BSPF - 20/08/2016
A partir de um projeto de lei apresentado pelo Poder
Executivo durante o primeiro ano de mandato do presidente Lula, o Congresso
aprovou a Lei 10.698/2003 que concedeu aumento de R$ 59,87 a todos “servidores
públicos federais dos Poderes Executivo, Legislativo e Judiciário da União, das
autarquias e fundações públicas federais, ocupantes de cargos efetivos ou
empregos públicos”.
Na exposição de motivos do projeto de lei, o governo federal
explicou a finalidade do aumento: “A presente proposta visa a reduzir a
distância entre os valores da menor e da maior remuneração, por intermédio da
instituição de vantagem pecuniária individual, no valor fixo de R$ 59,87, que,
por ser o mesmo para todos os níveis, classes, padrões e categorias existentes,
representará uma primeira aproximação entre esses valores”.
Pois bem, o Executivo propôs e o Legislativo aprovou o
aumento de R$ 59,87 para os funcionários públicos da União. No entanto, o Poder
Judiciário não se conformou com a literalidade do texto e fez uma generosa
interpretação da lei, com desastrosas consequências para as contas públicas.
Vários órgãos do Poder Judiciário e do Ministério Público
ajuizaram ações nas quais se pedia um aumento além dos R$ 59,87. Segundo a
esperta argumentação apresentada, a concessão de um aumento de valor único para
todas as categorias de funcionários públicos feria o princípio da isonomia
salarial. Obviamente, os processos não pleiteavam o reconhecimento da alegada
inconstitucionalidade da lei para pedir a anulação do aumento.
Eles queriam
outra coisa, bem mais interessante a seus bolsos. Em respeito ao princípio da
isonomia, pediam que o valor de R$ 59,87 fosse aplicado apenas à categoria de
menor remuneração do serviço público e que às outras castas – pois é essa a
mentalidade que transparece nesse tipo de raciocínio – deveria ser dado um
aumento proporcional, e não apenas os míseros R$ 59,87.
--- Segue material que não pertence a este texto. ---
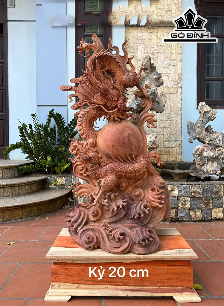 Tượng Rồng ( Nhất Long) Gỗ Hương Cao 123 Ngang 54 Sâu 33 (cm)

A engenhosa interpretação do princípio da isonomia gerava
logicamente uma multiplicação de valores. Nas petições, aquilo que era por lei
um aumento de R$ 59,87 passava a ser, em alguns casos, um reajuste de 13,23% do
salário.
O mais grave é que a criativa visão do princípio da isonomia
teve calorosa acolhida por vários juízes e tribunais, que concederam os
aumentos pleiteados. A boquinha – que a essa altura já não era apenas uma
boquinha, mas um presentão – foi concedida a servidores de vários órgãos do
Judiciário, como o Superior Tribunal de Justiça (STJ), Superior Tribunal
Militar (STM) e Tribunal Superior do Trabalho (TST).
Num primeiro momento, o Poder Executivo não tomou
conhecimento dessa multiplicação dos aumentos promovida pelo Judiciário. Soube
do desastre apenas quando o dinheiro começou a faltar e os órgãos começaram a
pedir crédito suplementar. Logicamente, a farra da isonomia tinha um alto preço
que não cabia no orçamento original.
As estimativas do impacto desses aumentos estão em torno de
R$ 2 bilhões, informa o jornal Valor. O cálculo foi feito tendo por base as
ações da Advocacia-Geral da União (AGU) protocoladas no Supremo Tribunal
Federal (STF) para barrar os reajustes concedidos aos servidores dos tribunais,
do Conselho Nacional do Ministério Público, do Conselho da Justiça Federal e da
Justiça Federal de 1.ª e 2.ª instâncias. Se todos os servidores reivindicassem
o mesmo benefício, o impacto anual seria superior a R$ 25 bilhões.
Felizmente, o STF vem rejeitando unanimemente a criativa
interpretação da isonomia e tem declarado inconstitucionais os reajustes
concedidos por órgãos do Poder Judiciário. Em alguns casos, como, por exemplo,
o dos servidores do TST, a Suprema Corte já concedeu medida liminar para
interromper o pagamento dos aumentos.
Num Estado Democrático de Direito não cabe transformar
isonomia em privilégio. Além de irresponsável com o dinheiro público, tal
alquimia é de uma despudorada perversidade.